Мой сегодняшний герой – русская писательница Мэри Шелли. Cтатья о ней в Lurkmore.ru начинается так: «Мэри Шелли, урожденная Уолстонкрафт-Годвин, – трансгендерный виртуал…» Она появилась в 97-м году и была, по сути, первая женщина Рунета. Рунет 97-го года был очень приличным местом. Тогда писали те самые интеллектуалы, которых называют отцами Рунета: Лейбов, Носик. И вот ворвалась в эту компанию – тогда еще не знали, что она трансгендерный виртуал, – Мэри Шелли, enfantterrible Рунета, которая сразу стала писать очень развязно. В 98-м году она заняла первое место на конкурсе «Виртуальная личность». В чем заключалась ее виртуальность, по мнению устроителей конкурса? В том, что у русской писательницы не должно быть имя Мэри Шелли и не должна быть она урожденной Уолстонкрафт-Годвин. Вышла получать премию привлекательная женщина, ясно, что ее звали не Мэри Шелли, и это, казалось бы, свидетельствовало о виртуальности писательницы.

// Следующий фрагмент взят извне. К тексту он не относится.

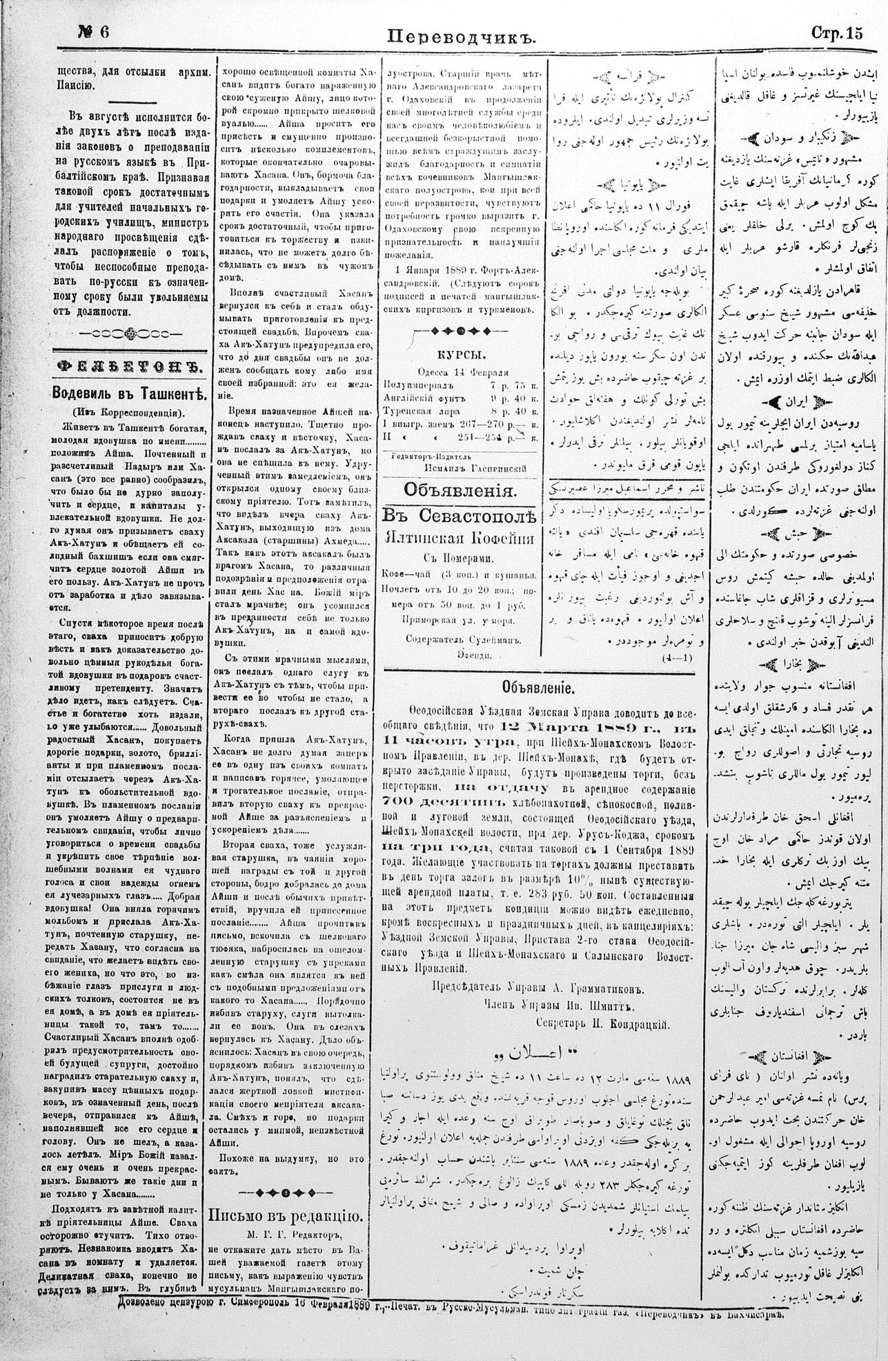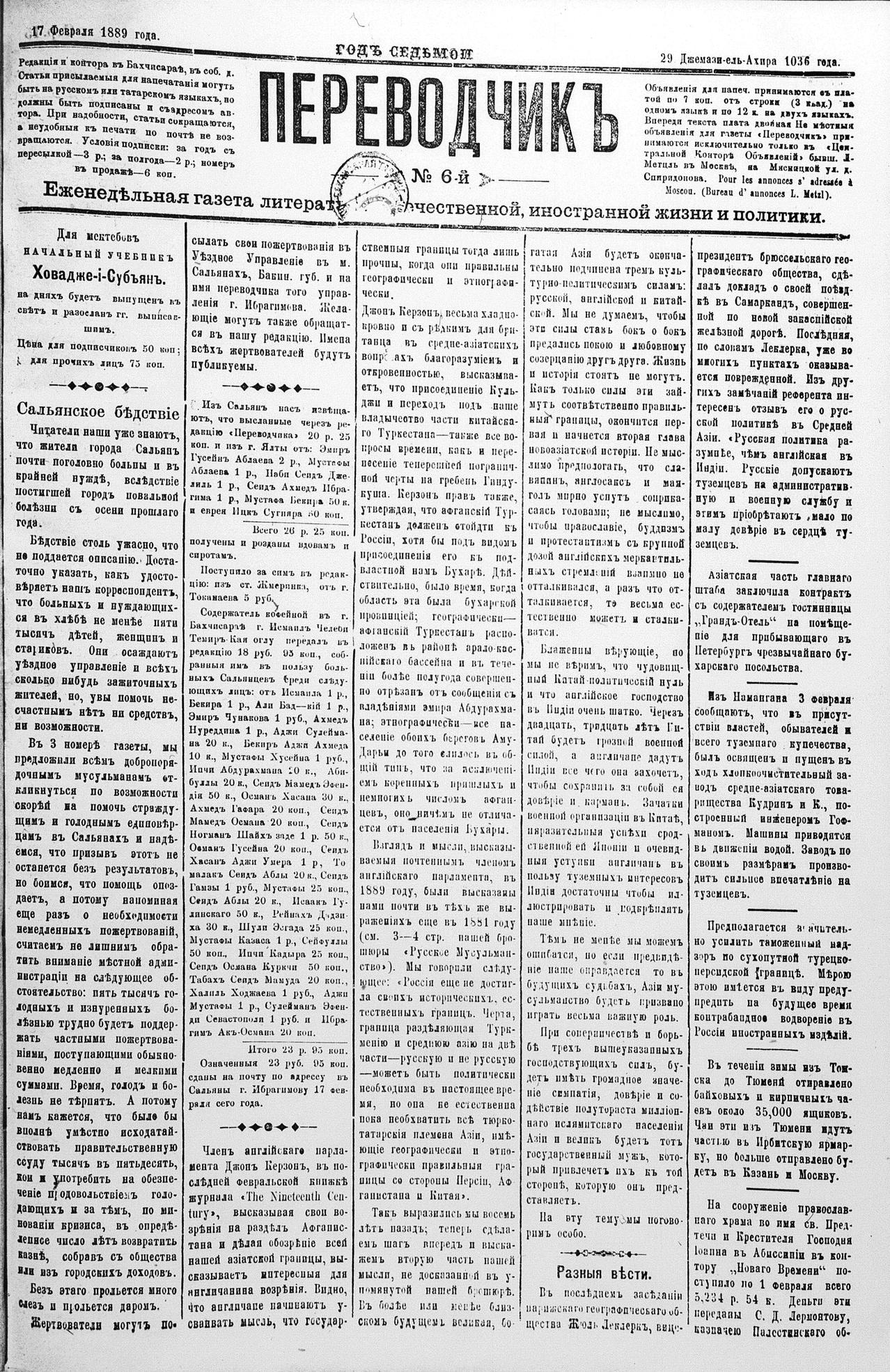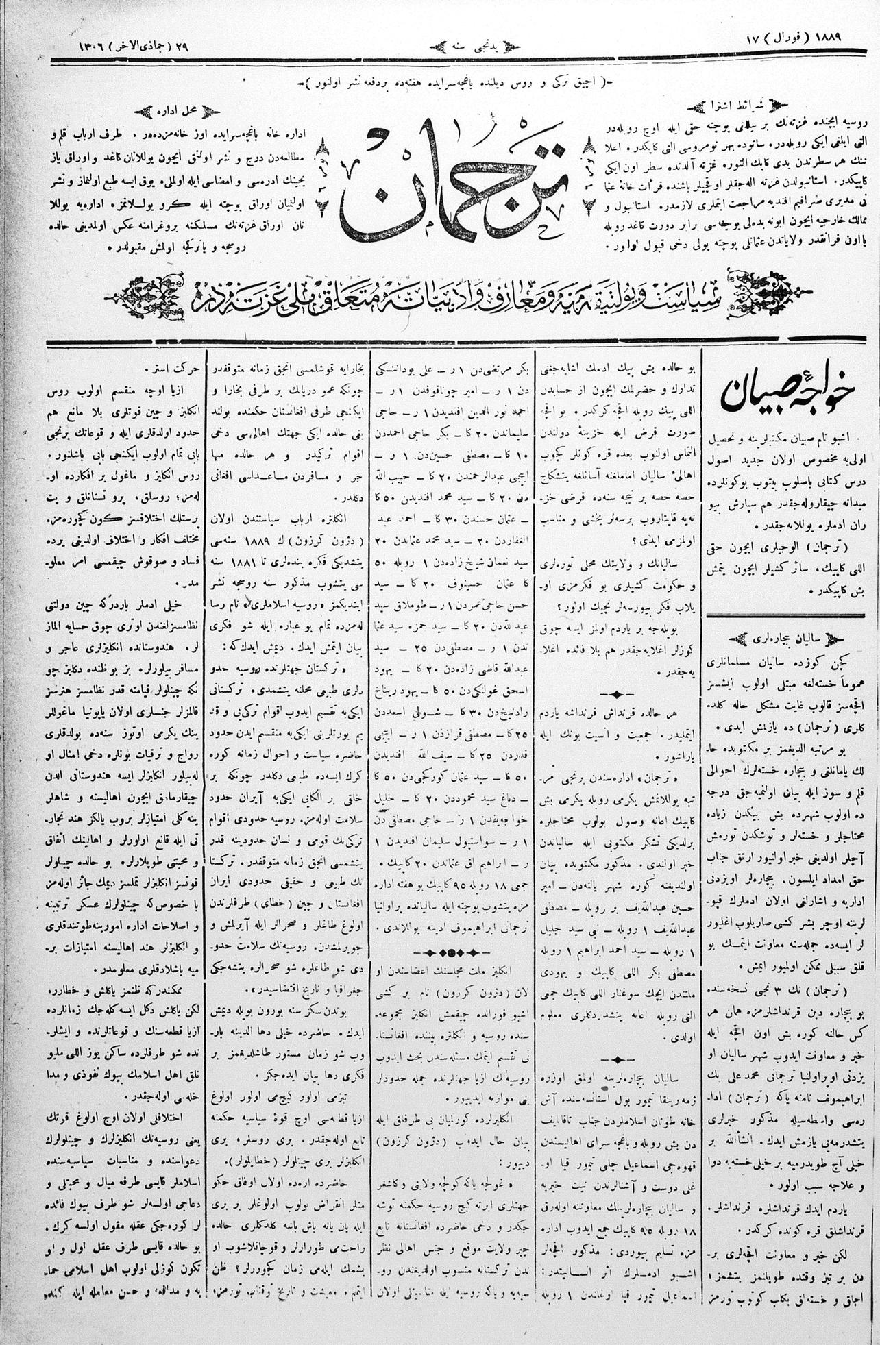 Tercüman, 17 February 1889 Year 7 No 6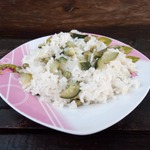 Если придерживаться правил, то это никакой не плов, а рис с овощами, приготовленный по технологии плова. Думаю, что похожее блюдо готовят почти все хозяйки Ароматный, в зелёных тонах, как всё за окошком скоро будет. Он хорош в качестве самостоятельного блюда и в качестве гарнира. Это постное блюдо подойдёт и для диетического питания Если честно, то я планировала выставить рецепт на другой конкурс, но пришёл сын, оценил взглядом содержимое холодильника и со словами "Не пропадать же добру!" поставил вариться оставшиеся после приготовления пиццы сосиски. "А почему бы и нет?"- подумала я. Сосиски мы едим крайне редко. Выставляю рецепт на ваш суд

Однако все было не так просто. И через некоторое время стало понятно, в чем главные достижения Мэри Шелли. Первое – она написала «Манифезд антиграматнасти». Второе – она написала два фантастических романа, «Паутина» и «2048». Оба они опубликованы, хотя долгое время существовали только в Рунете.
Мэри Шелли повлияла на русский язык больше, чем другие деятели интернета, прежде всего своим «Манифездом», а в остальном – языком своих произведений.
МАНИФЕЗД АНТИГРАМАТНАСТИ
Мы прынцыпиально протиф так называимай «граматнасти» в Сити. Мы щитаем что конкурз ЗАЛАТАЯ КЛЯ(КСА) в сваей аснови пряма ВРИДИТ развитию русква изыка и рускай славеснасти, падвадя саздатилей уебсайтав к НАСИЛАВАНИЮ нашива раднова изыка с помащью спелчекирав и других филтрав убивающих все жывое, чиво есть в магучим нашым изыке.
Мы уверины что ни саздатили уебсайтав палучивших «аттлично», ни сами арганизатары конкурза НИ ЯВЛЯЮЦЦА ГРАМАТНЫМИ людми – проста у них харошие спилчекиры!
Па мери савиршенства кампютырных спилчекирав руский изык ишо болще патеряит сваих нипасредствиннасти и абаяния. Паэтому все художники рускава слова далжны бросить вызав убиванию нашива живова изыка биздушными автаматами! Галавный Принцып нашева великава движения ПОСТ-КИБЕР гаварит: «настаящие исскувство новава тысичулетия – это то что ни можыт делать кампютыр, а можыт делать тока чилавек!!!»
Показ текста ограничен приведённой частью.